I am certain — or inclined to think — that the distinguished parliamentarian, novelist, stand-up comic and advocate of reparations for imperial injustices Shashi Tharoor has noted that Queen Elizabeth II has decreed that the crown containing the Kohinoor diamond shall pass, when she passes, to Camilla, the wife of Prince Charles. Perhaps Shashi will write a book objecting to this piratical heritage. Or if time doesn’t permit, he should at least, as the leading campaigner against colonial loot, give lectures about such impudence. Maybe he won’t and so, gentle reader, I take it upon myself to publicise this historical travesty.

This question of reparations for colonial injustice and for the looting of the colonies has always been problematic. Even if the British, Dutch, Spanish and French monarchs or governments recognise such claims from their former colonies, to whom would these reparations be paid?
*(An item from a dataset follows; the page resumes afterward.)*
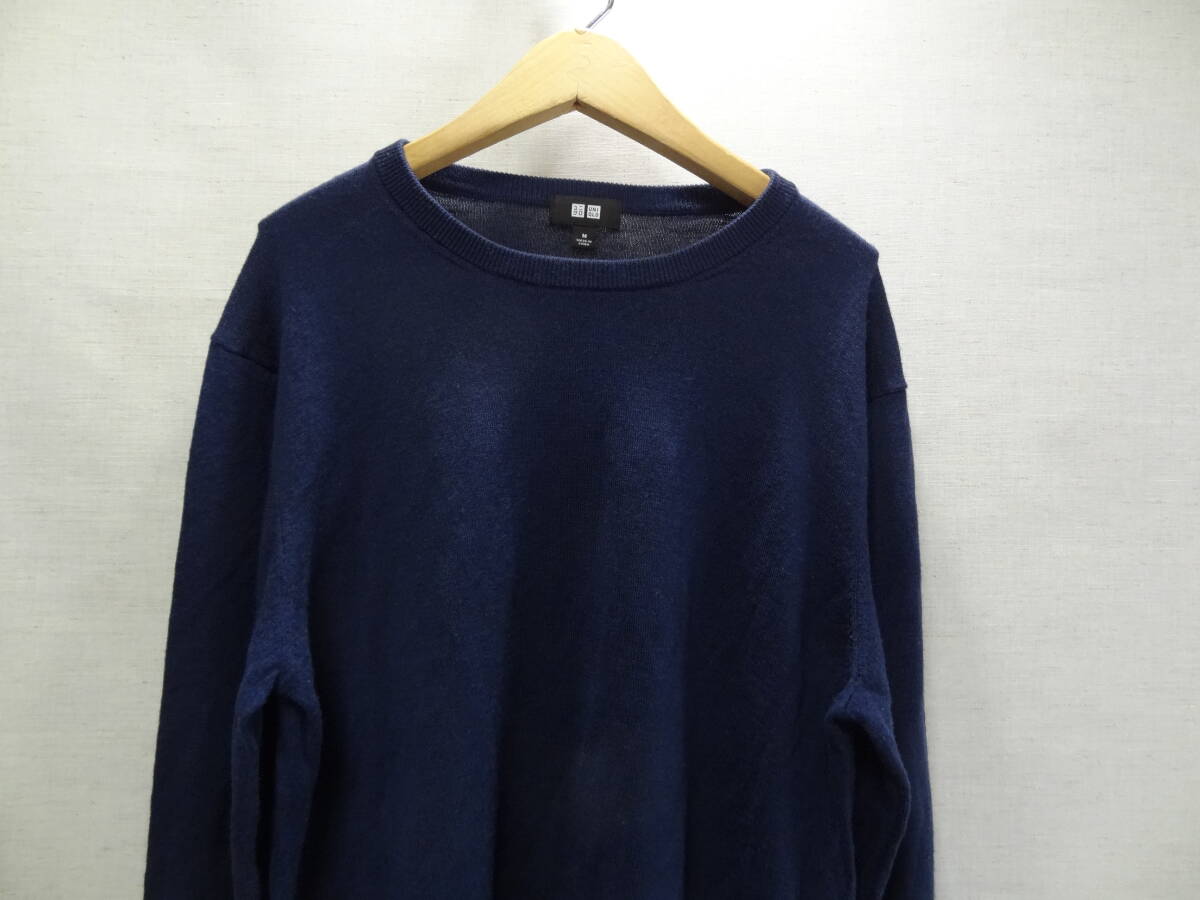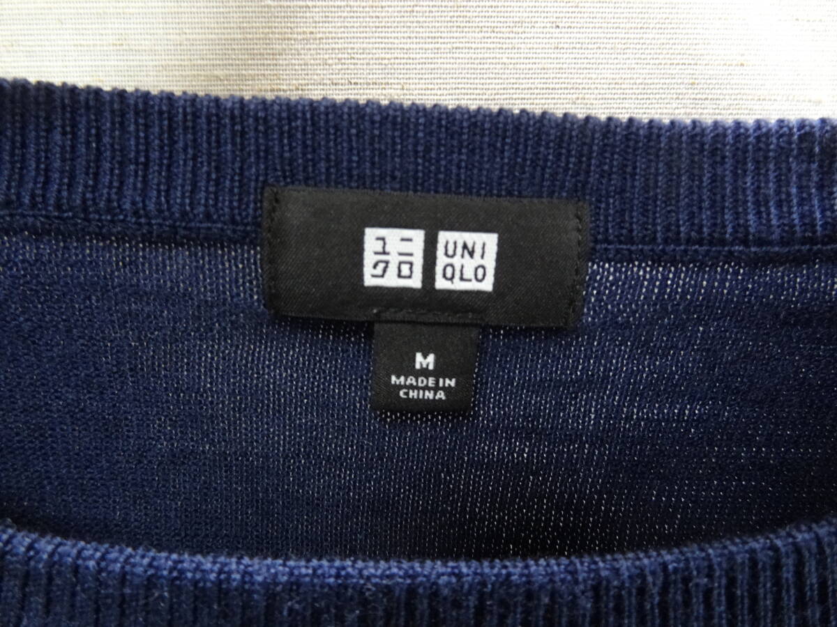 全国送料無料 ユニクロ UNIQLO メンズ PURE NEW WOOL 100%素材 紺ネイビー色 クルーネックハイゲージ ニット セーター Mサイズ

If to the current governments of the subcontinent, Africa, South America or Indonesia, mightn’t millions or billions of pounds or euros end up in politicians’ secret accounts in Dubai or Switzerland?
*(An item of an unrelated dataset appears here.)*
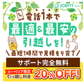 引っ越しの手間をまとめて解決する【ジョブフィットスーペリア】とはジョブフィットスーペリアは、引っ越し業者探しから電気・ガス・インターネットなどのライフライン手続きまで、引っ越しに関わるさまざまな準備を一括で整理しやすくするサポートサービスで...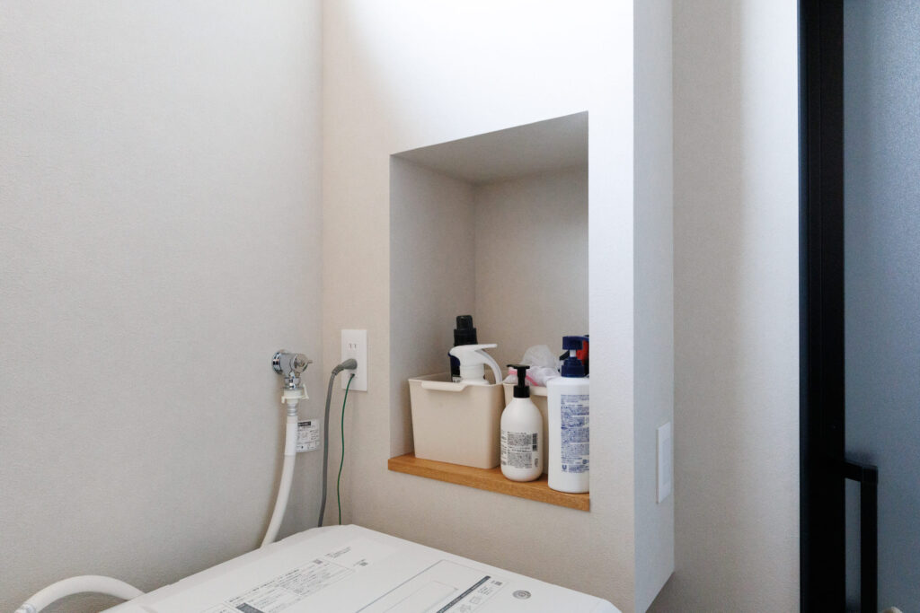 :ランドリースペースにあるニッチ(あえて壁をくぼませて作り出した収納スペース)は提案していただいたものですが、これも助かっています。基本的には僕は掃除担当なので「排水溝の手入れがしやすいように」という要望を出したところ、それに合わせて洗濯機の位置を調整していただきました。使いやすさはもちろん、手入れのしやすさまで考慮してもらえたのはオーダーメイドならではですね。

When Afro-Americans demand reparations — not the two acres of land and a donkey they were once promised when slavery was abolished after the American Civil War — they have a case, and it is clear that all such monies could be paid by the US treasury to every black individual who had less accountable wealth than a generously specified sum. Black millionaires shouldn’t get anything.

My humble suggestion for such reparations to the ex-colonies would be that the colonising nations provide the capital to abolish poverty in these nations forever.

Obviously, the definition of poverty differs from age to age and nation to nation, but it would be relatively easy or at least possible to set, through a democratic procedure, a threshold in each case.

Related to this question of reparations is that of the repatriation of loot — which brings us from the Elgin Marbles in the British Museum and a few thousand other artefacts therein, back to the Kohinoor diamond.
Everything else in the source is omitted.